◆ Your task ◆
Only the words of the entries are wanted, repeated exactly and without images.

◆ Source data ◆
-- -- --

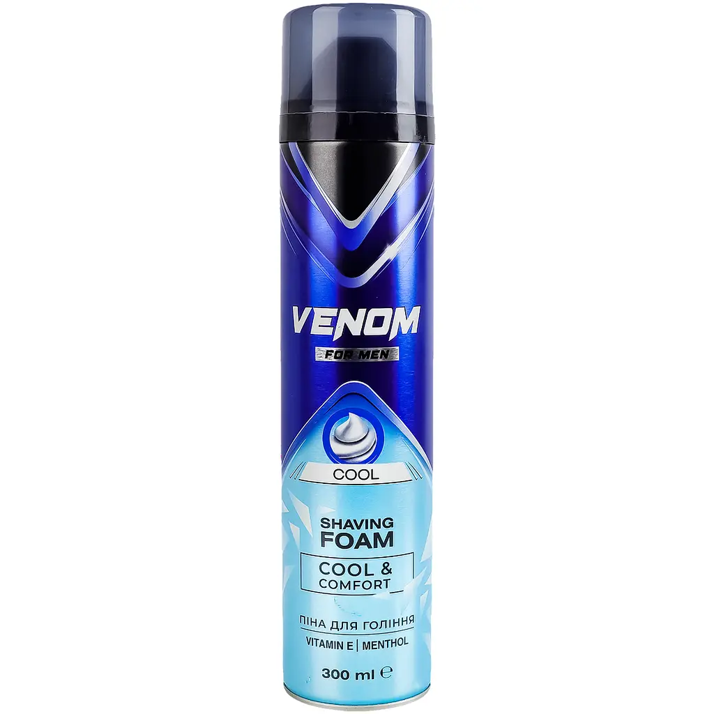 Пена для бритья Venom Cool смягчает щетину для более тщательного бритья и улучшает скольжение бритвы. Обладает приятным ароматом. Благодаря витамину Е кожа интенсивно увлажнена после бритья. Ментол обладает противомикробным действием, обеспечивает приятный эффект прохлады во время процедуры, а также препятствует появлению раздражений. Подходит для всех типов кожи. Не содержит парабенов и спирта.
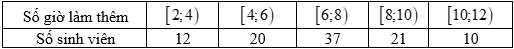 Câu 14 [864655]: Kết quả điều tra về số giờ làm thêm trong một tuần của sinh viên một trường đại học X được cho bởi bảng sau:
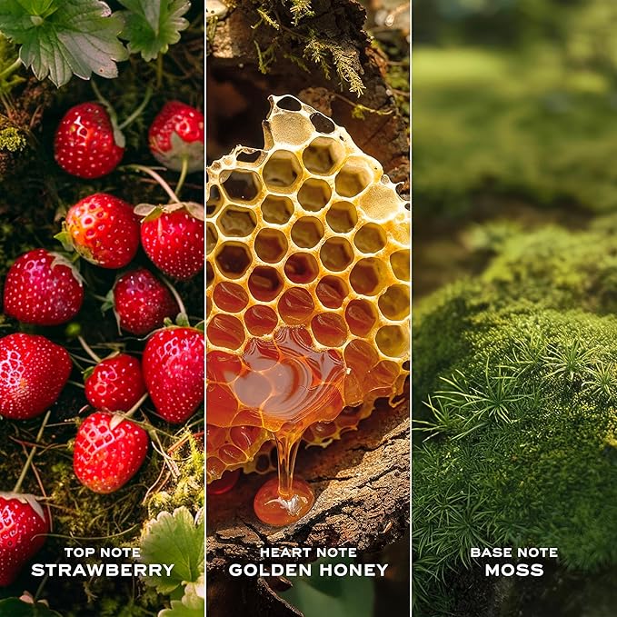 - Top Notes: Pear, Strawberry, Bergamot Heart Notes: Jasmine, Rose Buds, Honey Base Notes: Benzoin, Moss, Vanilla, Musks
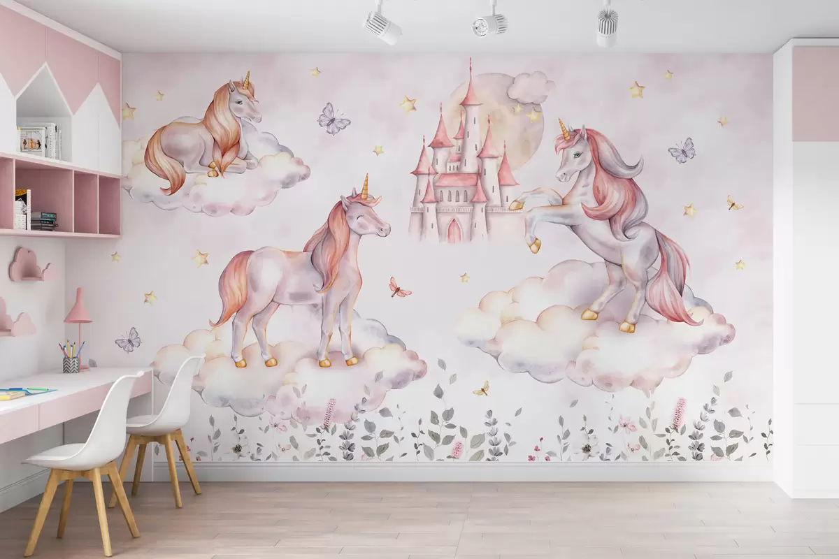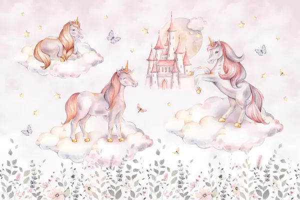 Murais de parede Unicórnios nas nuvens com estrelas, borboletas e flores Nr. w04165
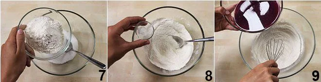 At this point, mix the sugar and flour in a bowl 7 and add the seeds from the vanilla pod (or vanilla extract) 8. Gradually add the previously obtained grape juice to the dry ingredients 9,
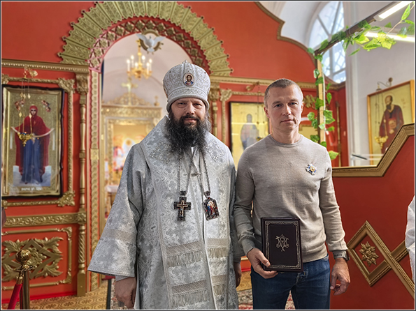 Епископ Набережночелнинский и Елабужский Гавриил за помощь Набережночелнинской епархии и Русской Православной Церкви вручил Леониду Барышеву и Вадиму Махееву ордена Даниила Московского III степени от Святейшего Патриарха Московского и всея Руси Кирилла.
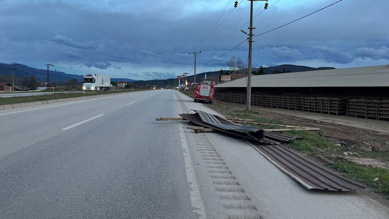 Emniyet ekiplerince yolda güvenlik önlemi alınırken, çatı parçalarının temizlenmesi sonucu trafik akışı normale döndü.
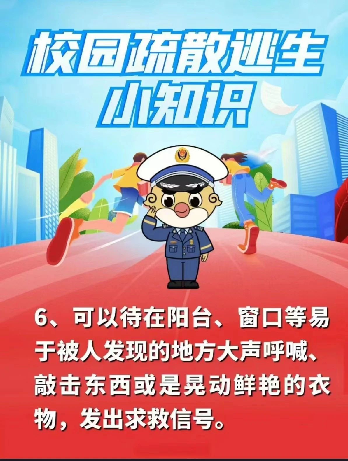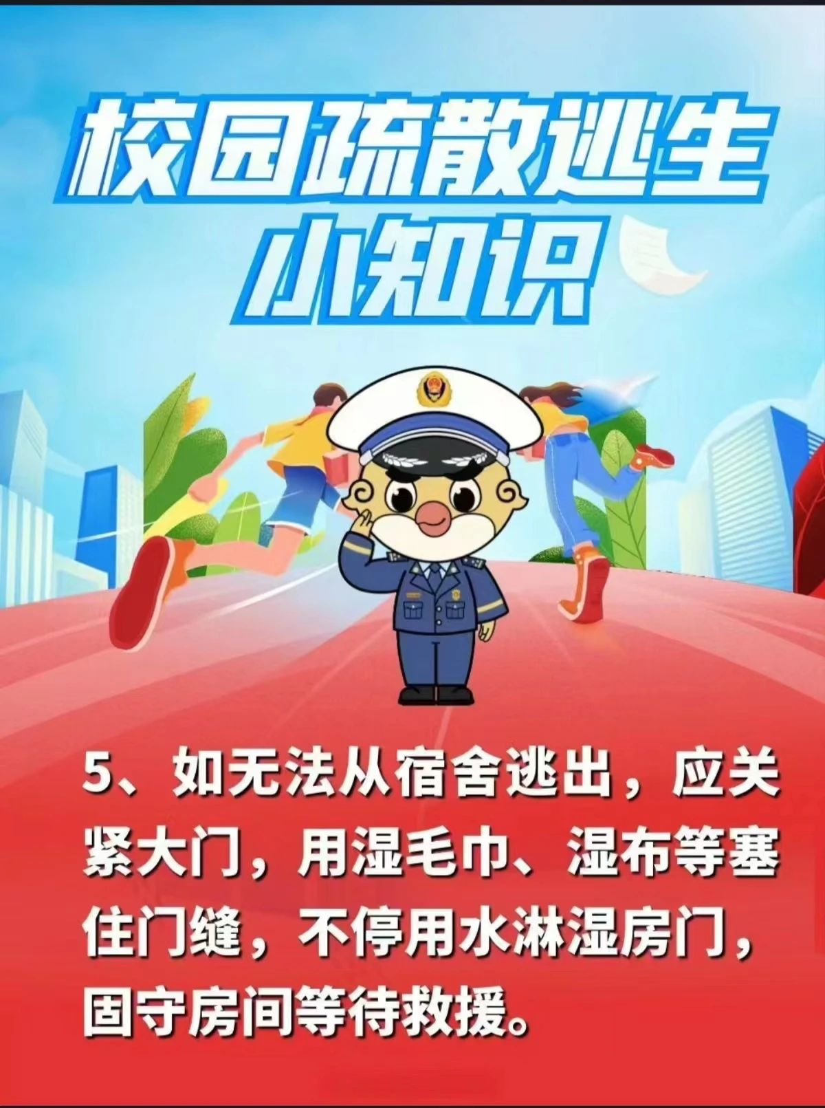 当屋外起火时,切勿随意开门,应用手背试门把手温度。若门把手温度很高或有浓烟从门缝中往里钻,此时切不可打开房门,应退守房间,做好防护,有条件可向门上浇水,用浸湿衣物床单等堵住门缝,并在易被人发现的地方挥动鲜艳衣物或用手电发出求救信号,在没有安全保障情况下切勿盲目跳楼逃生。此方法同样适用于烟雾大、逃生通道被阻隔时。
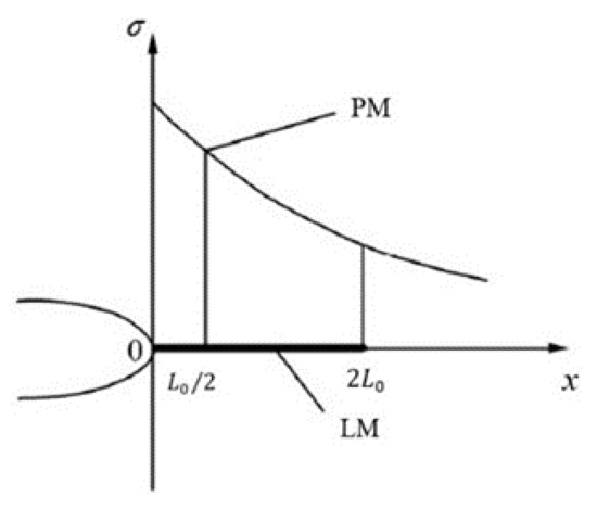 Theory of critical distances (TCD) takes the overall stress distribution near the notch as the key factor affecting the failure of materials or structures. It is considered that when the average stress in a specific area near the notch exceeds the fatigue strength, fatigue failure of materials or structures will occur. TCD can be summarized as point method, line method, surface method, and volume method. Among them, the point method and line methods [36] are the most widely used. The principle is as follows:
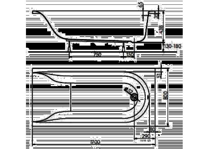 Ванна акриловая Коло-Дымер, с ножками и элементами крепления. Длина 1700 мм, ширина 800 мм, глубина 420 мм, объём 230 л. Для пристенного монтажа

-- -- --

◆ Answer for this exercise ◆
 Пена для бритья Venom Cool смягчает щетину для более тщательного бритья и улучшает скольжение бритвы. Обладает приятным ароматом. Благодаря витамину Е кожа интенсивно увлажнена после бритья. Ментол обладает противомикробным действием, обеспечивает приятный эффект прохлады во время процедуры, а также препятствует появлению раздражений. Подходит для всех типов кожи. Не содержит парабенов и спирта.
 Câu 14 [864655]: Kết quả điều tra về số giờ làm thêm trong một tuần của sinh viên một trường đại học X được cho bởi bảng sau:
 - Top Notes: Pear, Strawberry, Bergamot Heart Notes: Jasmine, Rose Buds, Honey Base Notes: Benzoin, Moss, Vanilla, Musks
 Murais de parede Unicórnios nas nuvens com estrelas, borboletas e flores Nr. w04165
 At this point, mix the sugar and flour in a bowl 7 and add the seeds from the vanilla pod (or vanilla extract) 8. Gradually add the previously obtained grape juice to the dry ingredients 9,
 Епископ Набережночелнинский и Елабужский Гавриил за помощь Набережночелнинской епархии и Русской Православной Церкви вручил Леониду Барышеву и Вадиму Махееву ордена Даниила Московского III степени от Святейшего Патриарха Московского и всея Руси Кирилла.
 Emniyet ekiplerince yolda güvenlik önlemi alınırken, çatı parçalarının temizlenmesi sonucu trafik akışı normale döndü.
 当屋外起火时,切勿随意开门,应用手背试门把手温度。若门把手温度很高或有浓烟从门缝中往里钻,此时切不可打开房门,应退守房间,做好防护,有条件可向门上浇水,用浸湿衣物床单等堵住门缝,并在易被人发现的地方挥动鲜艳衣物或用手电发出求救信号,在没有安全保障情况下切勿盲目跳楼逃生。此方法同样适用于烟雾大、逃生通道被阻隔时。
 Theory of critical distances (TCD) takes the overall stress distribution near the notch as the key factor affecting the failure of materials or structures. It is considered that when the average stress in a specific area near the notch exceeds the fatigue strength, fatigue failure of materials or structures will occur. TCD can be summarized as point method, line method, surface method, and volume method. Among them, the point method and line methods [36] are the most widely used. The principle is as follows:
 Ванна акриловая Коло-Дымер, с ножками и элементами крепления. Длина 1700 мм, ширина 800 мм, глубина 420 мм, объём 230 л. Для пристенного монтажа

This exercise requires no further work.